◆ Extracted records
————————
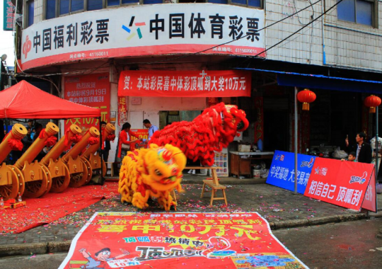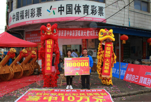 當(dāng)天下午,雖然下過小雨,但銷售網(wǎng)點(diǎn)門前仍然是人滿為患,好不熱鬧。聽說銷售點(diǎn)中了大獎(jiǎng),很多附近的彩民都來圍觀“中獎(jiǎng)福地”,業(yè)主張女士還專門請(qǐng)來了兩組舞獅隊(duì)進(jìn)行即興表演,一時(shí)間現(xiàn)場氣氛達(dá)到頂點(diǎn),據(jù)張女士說,自從她的銷售站出了大獎(jiǎng),慕名而來“沾喜氣”的彩民很多,大家都是試試手氣隨手刮上一兩張頂呱刮彩票。
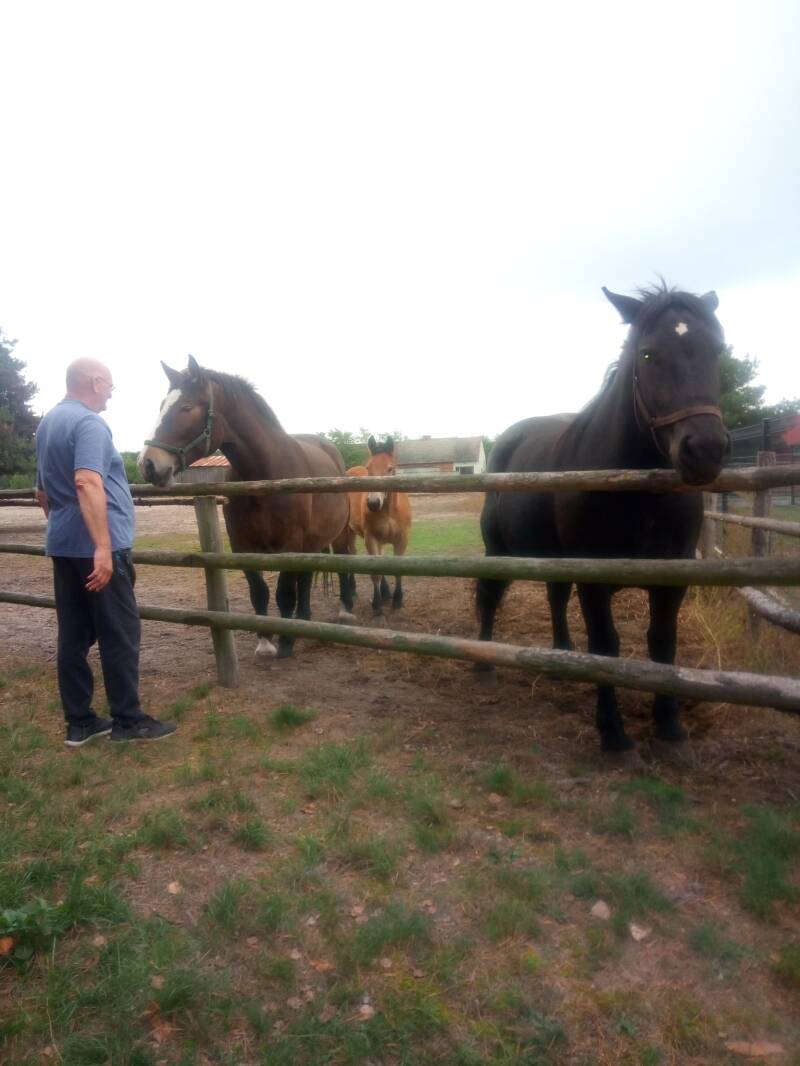 Aangekomen in Iggensbach, Duitsland. Fijne douche en mooie omgeving en paarden naast de camperplaats. Dobra vond dit maar niks.
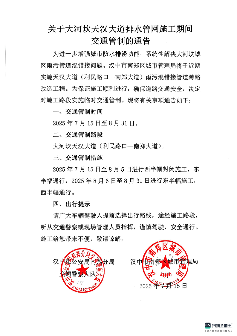 关于大河坎天汉大道排水管网施工期间交通管制的通告
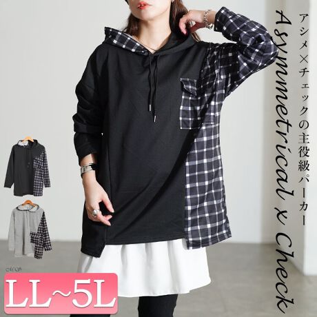 【大きいサイズ】 サイドチェック切替えアシンメトリーパーカー 大きいサイズ レディース トップス 冬
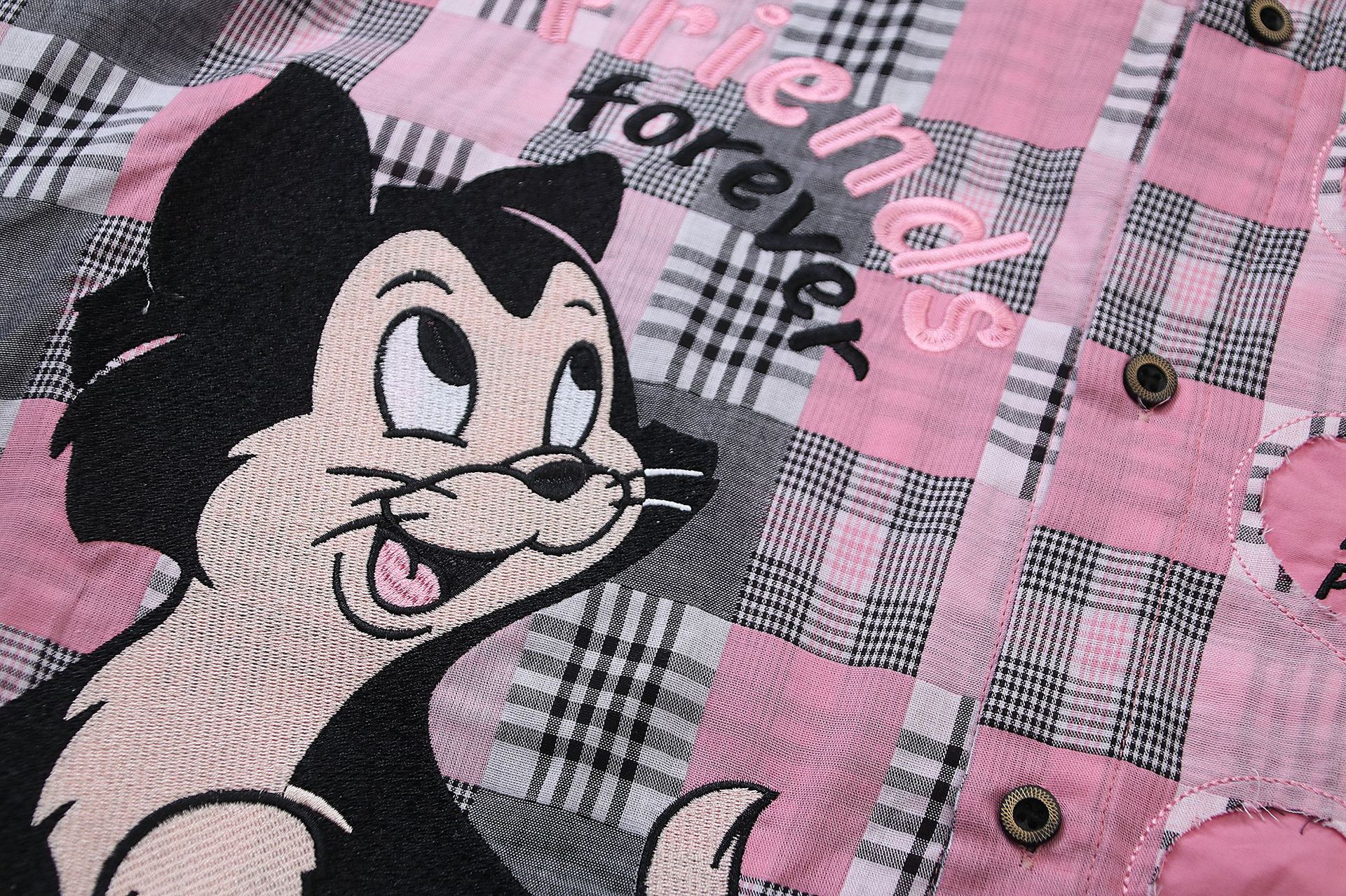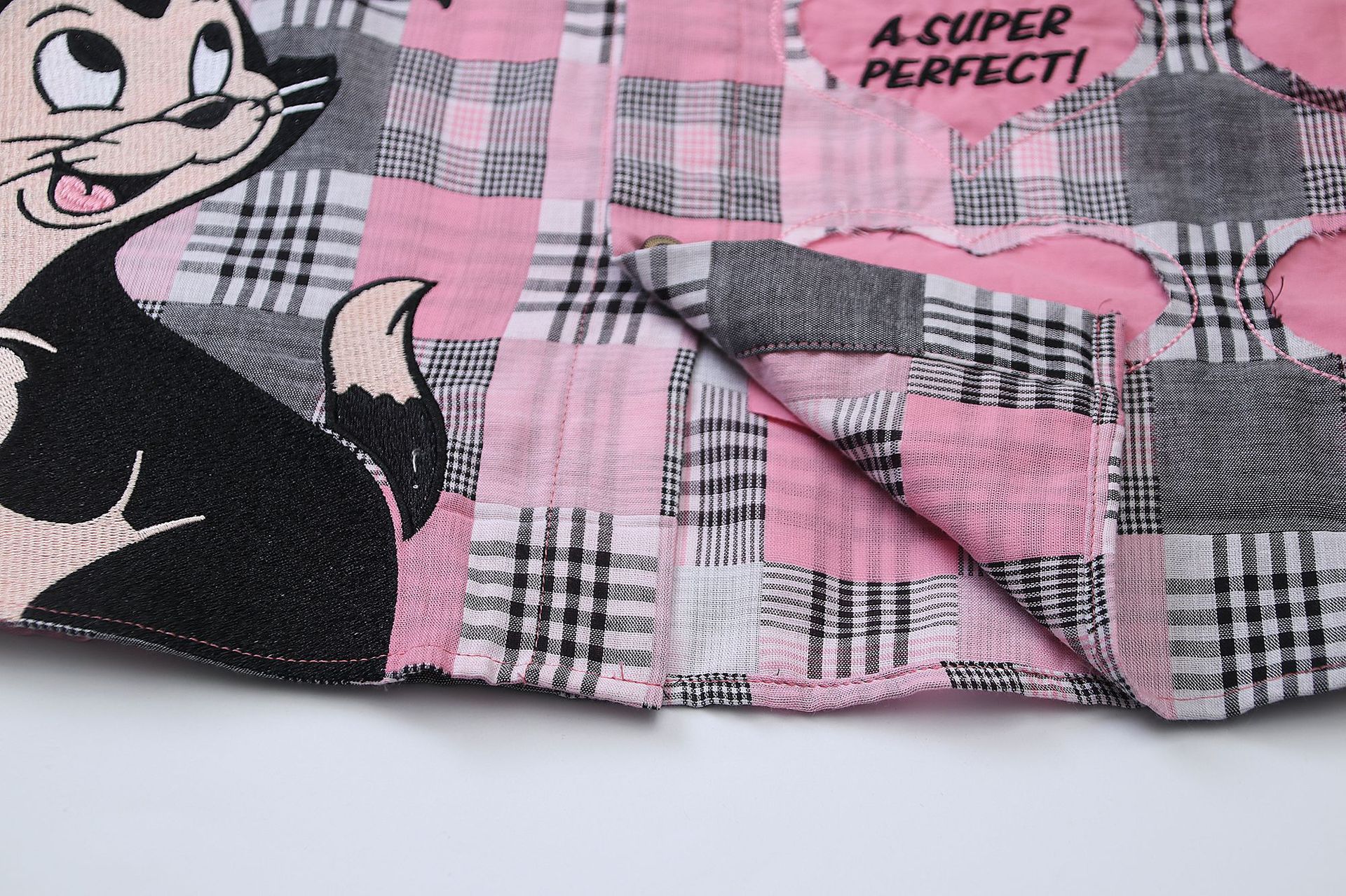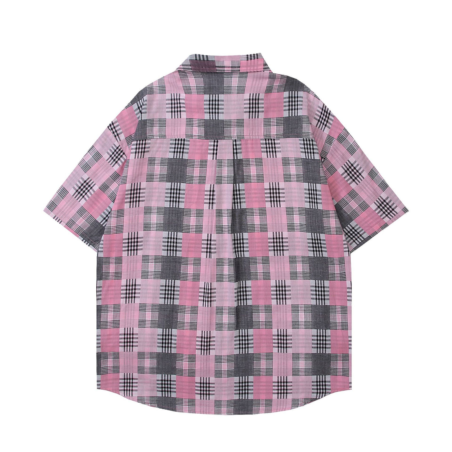 Cartoon embroidered plaid color matching short-sleeved shirt loose casual versatile shirt
————————
◆ Activity
Give the lines above again exactly, from the one containing "Aangekomen in Iggensbach, Duitsland." to the one containing "レディース トップス 冬", both included, but leave out the pictures.

◆ Your solution
 Aangekomen in Iggensbach, Duitsland. Fijne douche en mooie omgeving en paarden naast de camperplaats. Dobra vond dit maar niks.
 关于大河坎天汉大道排水管网施工期间交通管制的通告
 【大きいサイズ】 サイドチェック切替えアシンメトリーパーカー 大きいサイズ レディース トップス 冬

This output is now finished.